Gemma 4 12BはオープンウェイトでApache 2.0ライセンスのため、API料金やサブスクリプションなしで利用できます。モデルをダウンロードして自分のマシンで実行するか、ブラウザで試せます。必要なコストは、実行に使う手元のハードウェアだけです。
まず押さえておくべき点は、12Bがローカルおよびオンデバイス用途向けに作られていることです。より大型の31Bと26Bは、GoogleがAI Studioで無料チャット用にホストしています。12Bの主な利点は、16GBクラスのノートPCでも動かせることです。モデル仕様を先に確認したい場合は、Gemma 4 12Bとはを参照してください。
この記事では、ブラウザでの即時デモから、ローカルAPIとしてアプリに組み込める構成まで、無料で試せる6つの方法を実装手順ベースで紹介します。
クイックサマリー
| 方法 | 得られるもの | 最適な用途 |
|---|---|---|
| Hugging Face Space | ブラウザチャット、インストール不要 | 1分で試す |
| Ollama | ローカルモデル + OpenAI互換API | 開発者向け、ワンコマンド |
| LM Studio | GUI付きローカルデスクトップアプリ | ターミナル不要 |
| llama.cpp | 軽量ローカルAPIサーバー | 上級者向け、低オーバーヘッド構成 |
| HF Transformers | Python、完全制御、無料Colab GPU | ノートブック、検証、ファインチューニング |
| Google AI Edge | オンデバイス、モバイル | スマートフォン、エッジハードウェア |
方法1: ブラウザで試す(インストール不要)
最短で動作確認するなら、Hugging Faceの公式デモSpaceを使います。
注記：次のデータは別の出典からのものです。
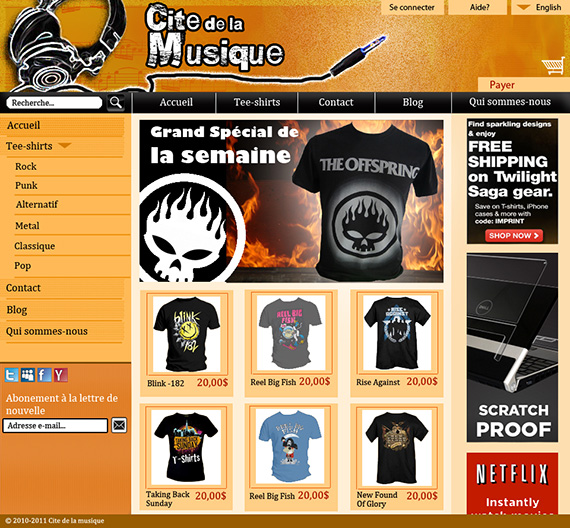 Cité de la musique Design pour un site de vente de chandail et autre vêtement en ligne sur le thème de la musique. Exercice réalisé dans le cadre d'un cours de Design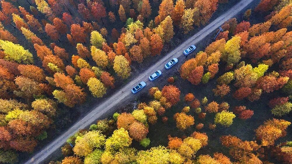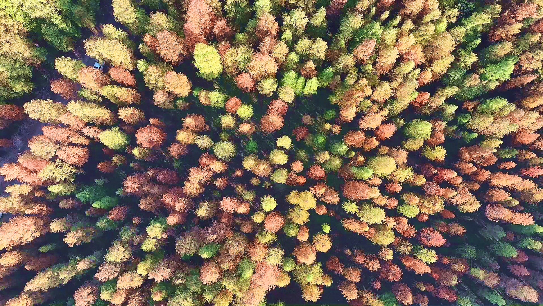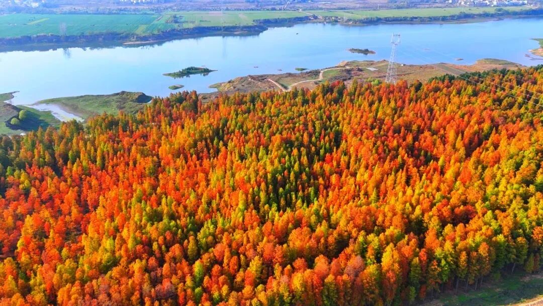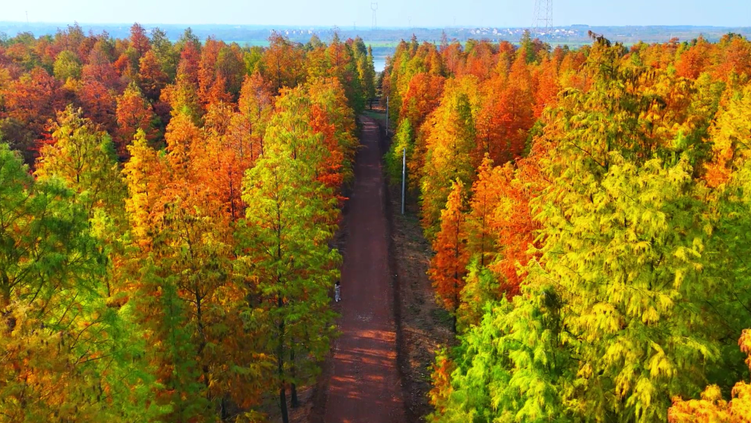 每年秋冬之际,湖北省孝感市孝昌县陆山林场的红杉美景渐次铺开,吸引着不少市民游客前来,成为徒步赏景的热门打卡地。从空中俯瞰,一株株红杉如同一朵朵盛开的花朵,深深浅浅的红色与金色交织,在阳光的穿透下,洒下温暖而梦幻的光影,让人仿佛闯入浪漫的童话秘境。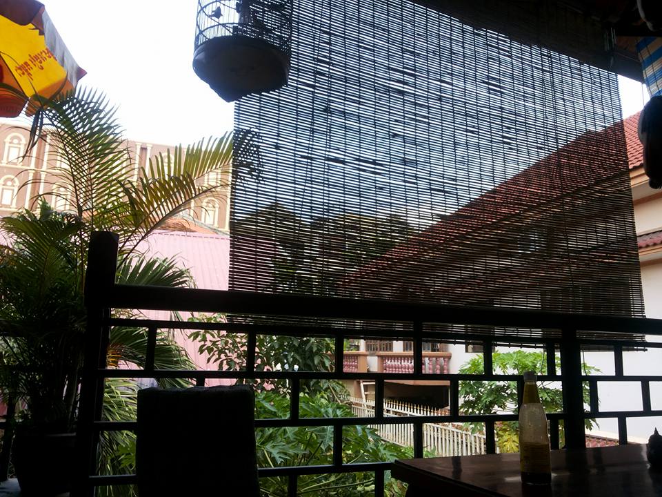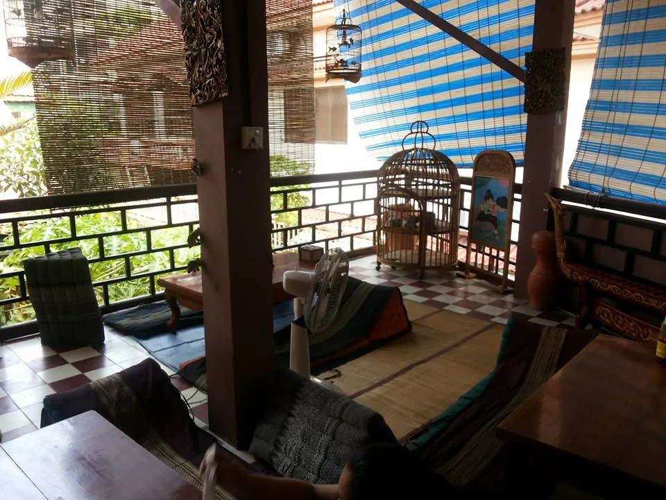 นั่งหย่อนขาสบายใจ มองไปเห็นต้นมะละกอและหลากหลายต้นไม้ที่สร้างพื้นที่สีเขียวให้กับเรา ตอนแรกที่มานั้นเหมือนร้านอาหาร แต่พอเรานั้นอยู่ไปเรื่อยๆ จนทำให้กลายเป็นเหมือนบ้าน หากว่าในบ้านภาษาเรานั้นจะเรียกว่า เกย ที่ออกมานั่งเล่นในที่โล่งเป็นที่สามารถที่จะยื่นขาออกมาได้ โล่งไว้ทำกิจกรรมกับครอบครัว อย่างการทานอาหารจำนวนมาก
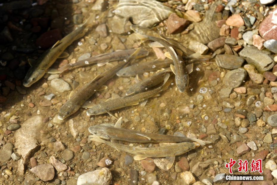 7月10日,在河水中逆流而上的湟鱼。在青海海北藏族自治州刚察县泉吉河畔,成千上万的青海湖裸鲤经过长途跋涉的生命洄游,来到此地繁衍生息。青海湖裸鲤,又称湟鱼,为青藏高原土著鱼类,是青海湖中特有的物种,是青海湖中唯一的大型经济鱼类,也是青海湖“水—鸟—鱼”生态链中的核心物种,2004年青海湖裸鲤被列入《中国物种红色名录》濒危物种名单中。每年5月下旬到8月中旬,在湖中生长的湟鱼会沿着入湖河流溯流而上,进入到河流淡水区域产卵,然后再回到湖中。青海湖环湖地区有数十条淡水河与湖相连,其中,布哈河、沙柳河、泉吉河、黑马河和哈尔盖河是湟鱼洄游的主要河道。中新社记者马铭言 摄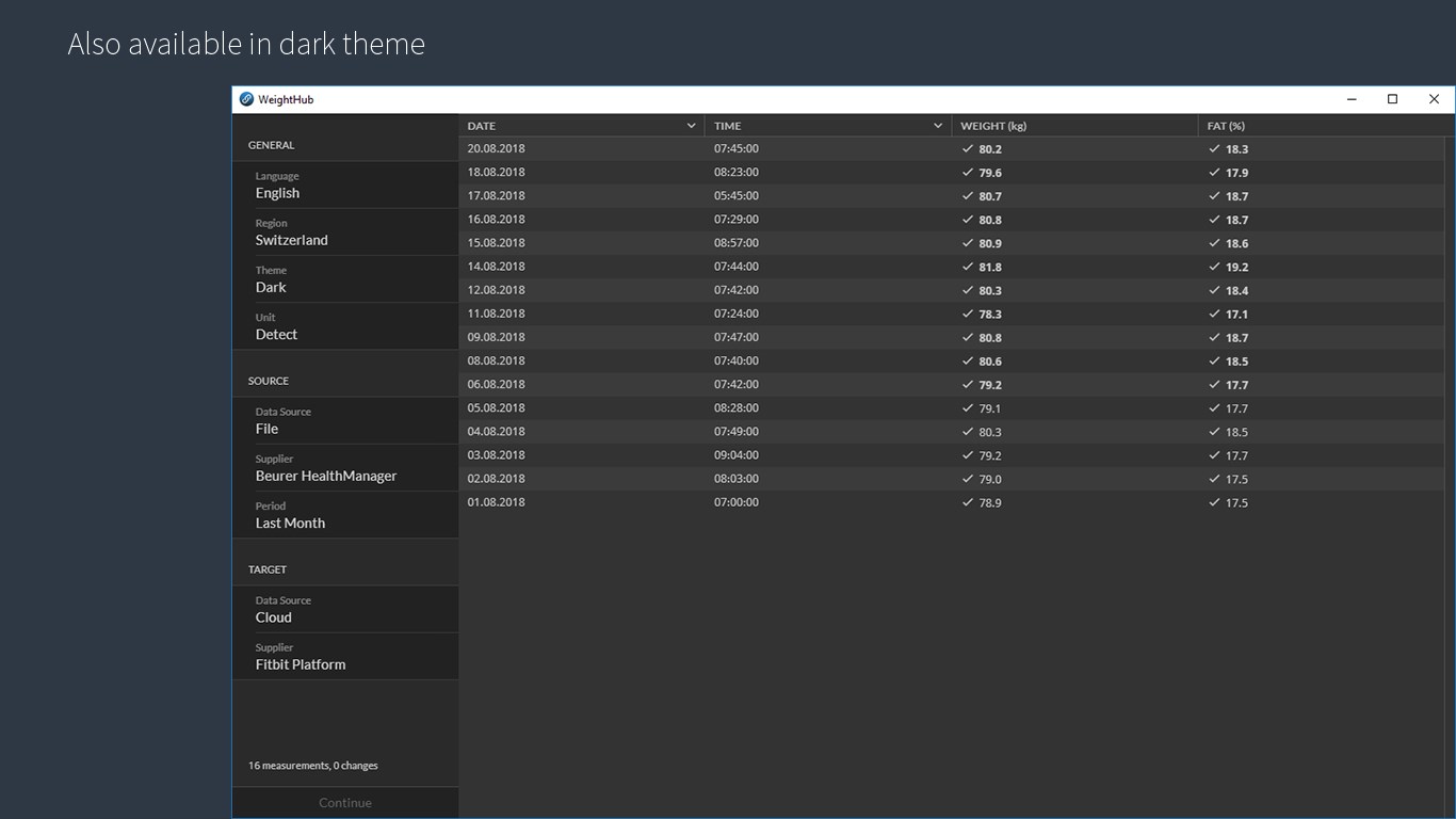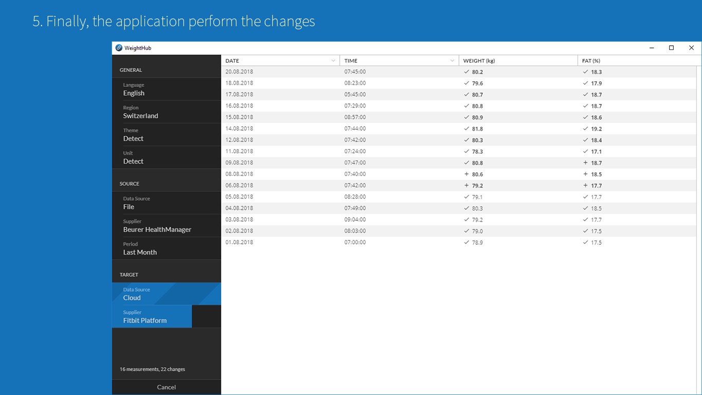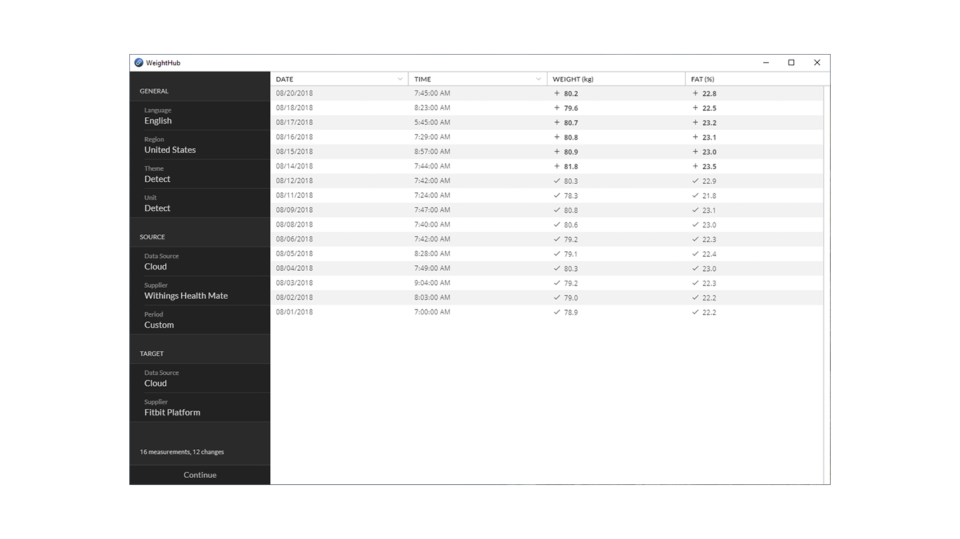 Weemple WeightHub is an easy-to-use desktop app, to seamlessly synchronize your body weight data between platforms, with clouds or files.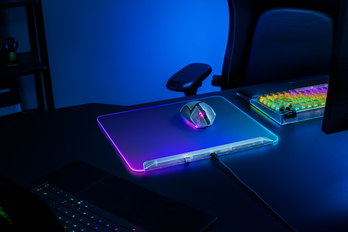 全球首款全區域 RGB 光效滑鼠墊,以半透明上層設計重現電路細節,為桌面增添獨特光影與科技質感。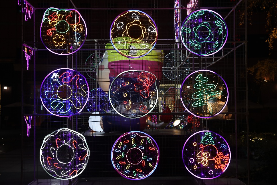 “甜甜圈”样式的彩色霓虹遍布各处,让甜蜜与幸福从这里弥漫开来。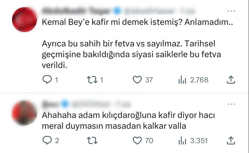 Davutoğlu'nun bu sözleri sosyal medyada tartışılırken, bir sosyal medya kullanıcısı, "Kemal Bey'e kafir mi demek istemiş? Anlamadım... Ayrıca bu sahih bir fetva vs sayılmaz. Tarihsel geçmişine bakıldığında siyasi saiklerle bu fetva verildi" derken bir başka sosyal medya kullanıcısı ise "Adam Kılıçdaroğlu'na kafir diyor hacı Meral duymasın masadan kalkar valla" diyerek Davutoğlu'nu ti'ye aldı.

ダウンロード、アカウント作成、GPUは不要です。
手順:
- Gemma 4 12Bデモスペースを開く
- プロンプトを入力する
- 必要に応じて画像または音声クリップをアップロードする
- 応答を確認する
この方法は、モデルの雰囲気やマルチモーダル入力を素早く確認する用途に向いています。アプリケーションに組み込む段階では、次のOllamaやllama.cppのようなローカルAPI方式に移行すると扱いやすくなります。
方法2: Ollama(開発者向けの標準ルート)
Ollamaは、Gemma 4 12Bをローカルで起動し、OpenAI互換APIとして使う最も簡単な方法です。
Ollamaをインストールする
macOSまたはLinux:
curl -fsSL https://ollama.com/install.sh | sh
Windowsでは、ollama.comからインストーラーをダウンロードして実行します。
モデルをダウンロードして実行する
ollama pull gemma4:12b
ollama run gemma4:12b
ollama pullはモデルをダウンロードします。デフォルトでは4ビットQ4_K_Mビルドで、サイズは約8GBです。
ollama runを実行すると、ターミナル上で対話チャットが始まります。終了するには次を入力します。
/bye
ローカルAPIとして呼び出す
Ollamaはhttp://localhost:11434でOpenAI互換REST APIを公開します。APIキー、クラウド契約、レート制限は不要です。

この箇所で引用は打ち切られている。